The fear had not always been there. To start with it had only been a question of avoiding the anger and the drunkenness – and of escaping from the belt with the hurting buckle which was sometimes used on your back and which was used on Mother more often than anyone ever knew. She had never complained, and she had never told anyone about it because there had not been anyone to tell. In those days – it had been the early 1970s – and in that environment, there had not been such things as battered wives’ refuges, or brisk, well-meaning social workers, or even telephone numbers that could provide help. In any case, the Pedlar’s Yard house did not have a telephone. And Mother had had an odd streak of stubbornness. When you married, she said, you exchanged vows, and vows ought not to be broken. Your father married me when no one else wanted me and I was grateful. (And he was very charming when he was younger…)

But Mother had made that other promise as well – the promise that one day they would escape from Pedlar’s Yard, just the two of them.

‘You do mean it, don’t you? We’ll really go there one day? To the house with the lady from the stories?’
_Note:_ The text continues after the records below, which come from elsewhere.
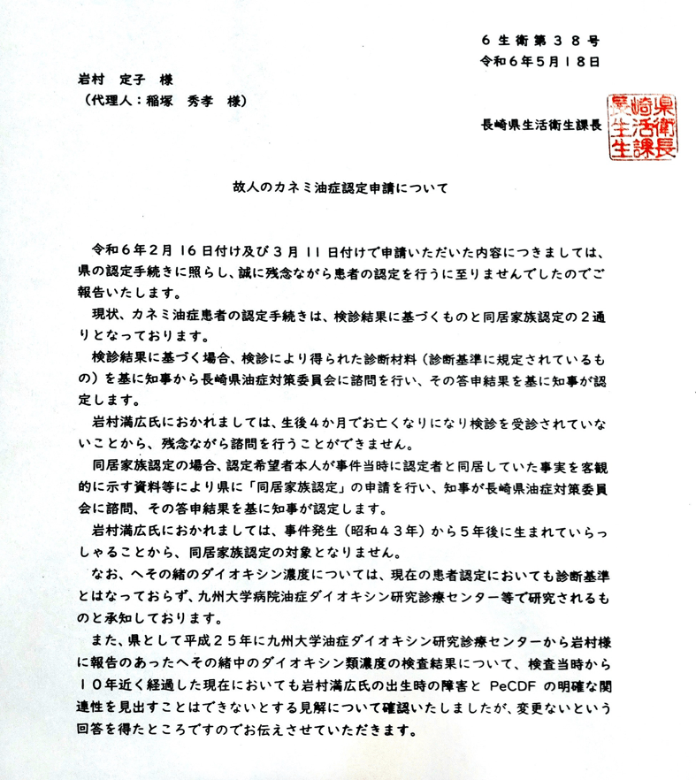 「原澤先生、これは昨日の油症対策会議で紹介された、長崎県奈留島の岩村さんのお子さんのへその緒です。今月中に、京都にある島津テクノリサーチに持ち込み、検査してもらいます。その結果をお伝えしますので、検討してください」と伝えましたが、確たる返事はありませんでした。
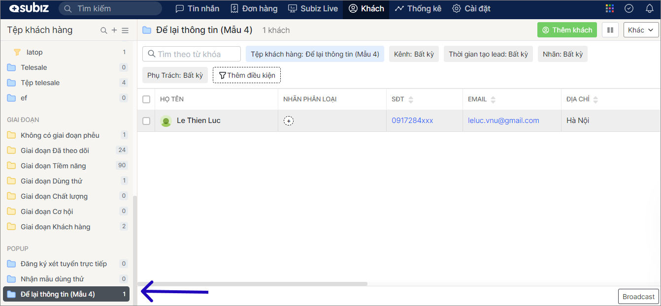Trả lời: Hoàn toàn làm được.Khách điền bảng hỏi thông tin được lưu và tổng hợp tại trang Khách. Bạn xem tệp khách hàng popup (Mở popup bạn đã tạo ở bước 2 như hướng dẫn bên trên) và chọn xuất file dữ liệu về.
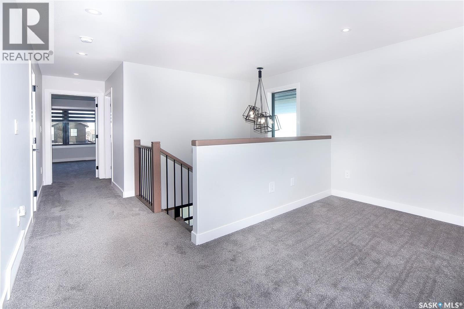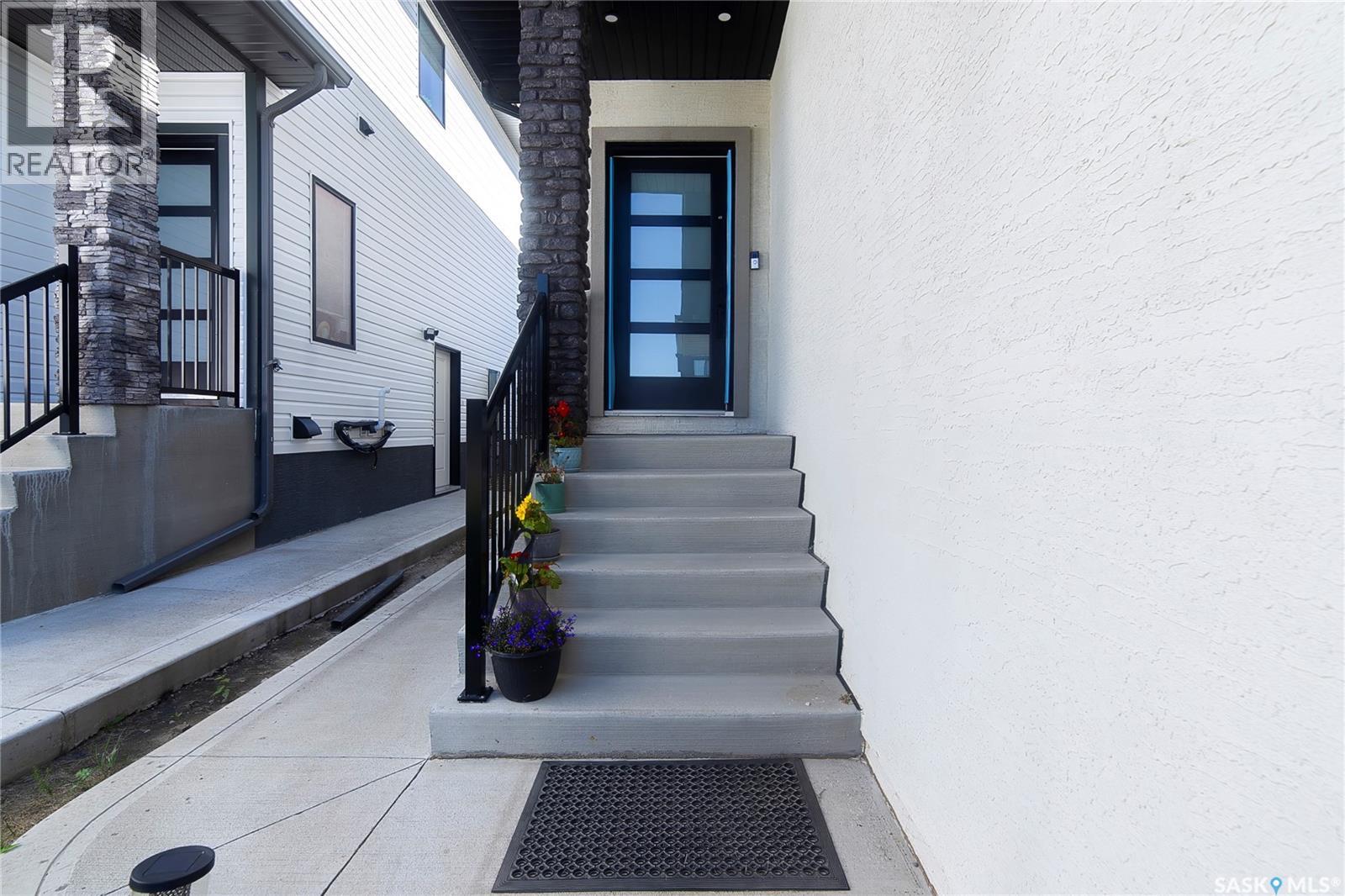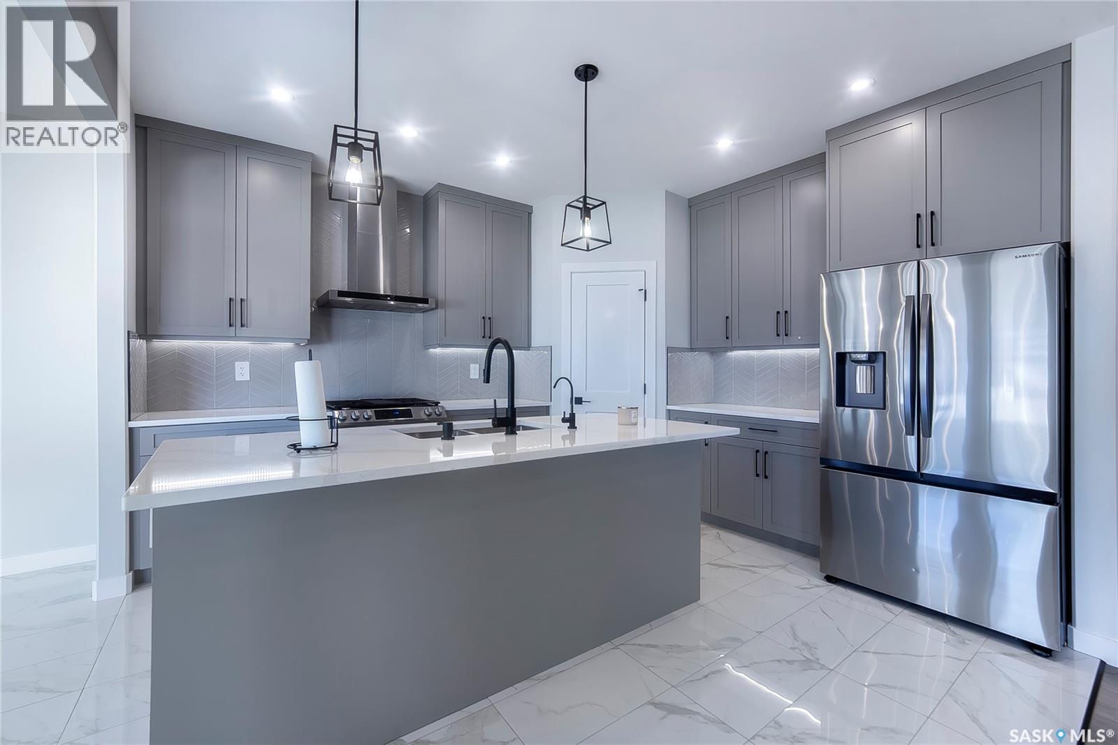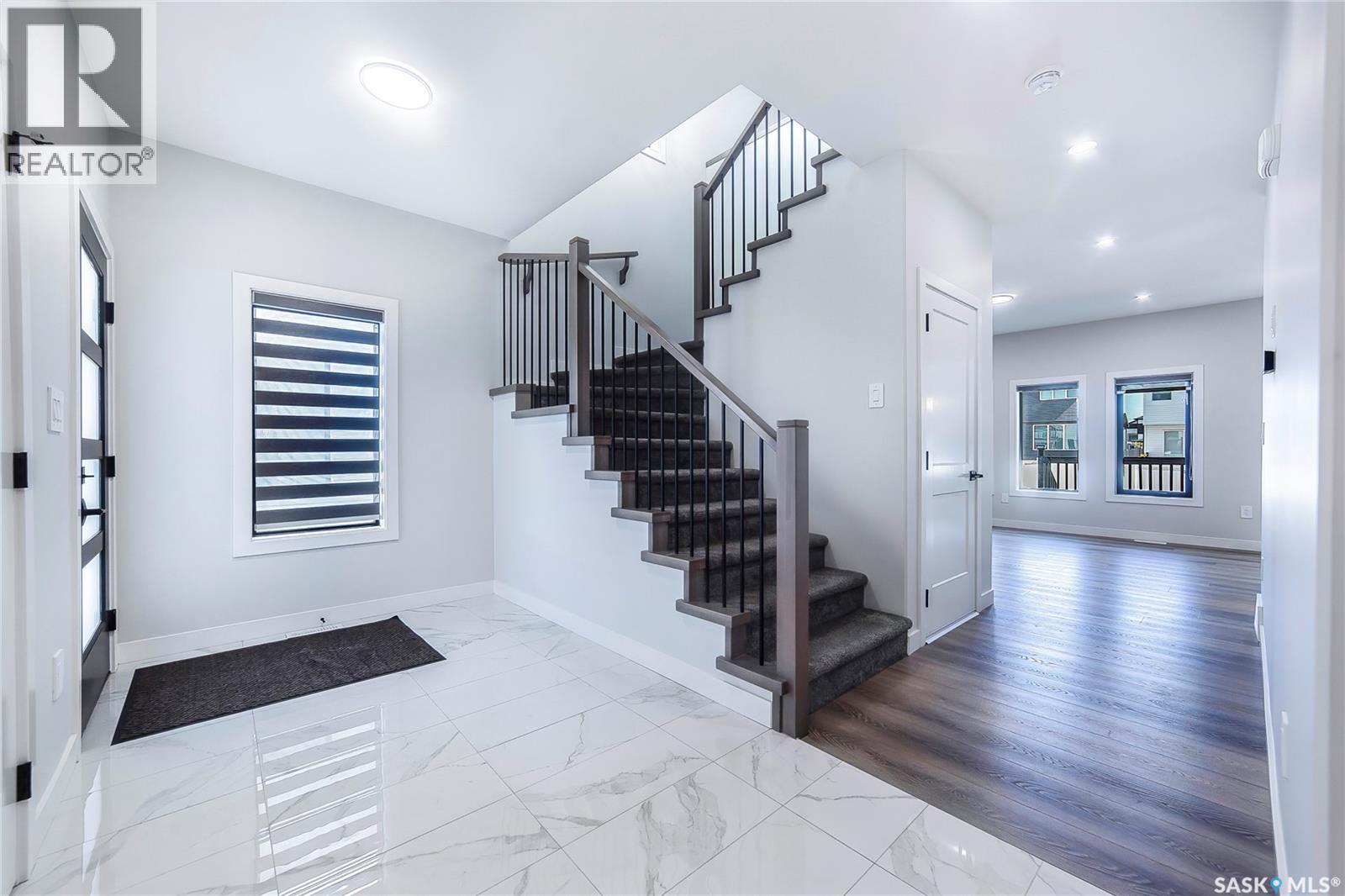 Welcome to this beautifully designed 6-bedroom, 4-bathroom home located in the desirable neighborhood of Brighton. This 2,020 sq. ft. two-storey offers modern finishes, functional spaces, and income potential with a 2-bedroom legal basement suite. The main floor features a spacious tiled foyer, bright living room with a feature wall, electric fireplace, and large windows overlooking the backyard. The kitchen is equipped with Gas Range, stainless steel appliances, chimney-style hood fan, pantry, reverse osmosis system, and modern cabinetry and a generous dining area. The Main-floor bedroom with a full bathroom adds convenience and flexibility for guests or extended family. Upstairs, the open stairwell with upgraded stained railing leads to a large bonus room perfect for family entertainment. The primary bedroom includes a luxurious 5-piece ensuite, while two additional bedrooms share a full bathroom. A laundry room with sink is conveniently located on the second floor. The fully developed basement with 9 feet ceiling includes a 2-bedroom legal suite with full kitchen, appliances, separate laundry, and private entrance—ideal for rental income. Additional features include Window covering, upgraded lighting and plumbing fixtures throughout, stucco exterior, finished deck, partially fenced backyard, and a heated double attached garage with built-in shelving. Located just steps from parks and walking paths, this home offers comfort, style, and functionality in one of Saskatoon’s most sought-after communities. Call your Realtor today to book a viewing. (id:34297)

‘Yes. Yes, one day we really will go there.’


But Mother had hesitated – she had quite definitely hesitated, before replying, and a new fear presented itself. ‘She is real, isn’t she, that lady? I mean…you didn’t make her up?’ Mother was good at telling stories; once she had said she might have written books if she had not got married.

But it was all right. She was smiling, and saying, ‘No, I didn’t make her up, I promise. She’s real, and she lives exactly where I told you. Look, I’ll show you—’

‘What? What?’ It might be a photograph, which would be just about the most brilliant thing in the world.

But it was not a photograph, it was a letter, just very short, just saying here was a cheque.

‘But there’s the address at the top. You see? The Priest’s House, Mowbray Fen. That’s a real address.’

‘She sent a cheque?’ Cheques represented money in some complex, barely understood grown-up way.

‘Yes, she does it quite often. Does that convince you that she’s real?’

‘I think so. Yes. Only real people can send cheques, can’t they?’

‘Of course.’

So that was all right. The lady was real and the house was real, and one day they would make a proper plan and escape.

It had been too late to escape on the night that he erupted into the house, his eyes fiery with drink. He was not an especially big man, although he was quite tall, but he seemed to fill up the house with his presence on these nights.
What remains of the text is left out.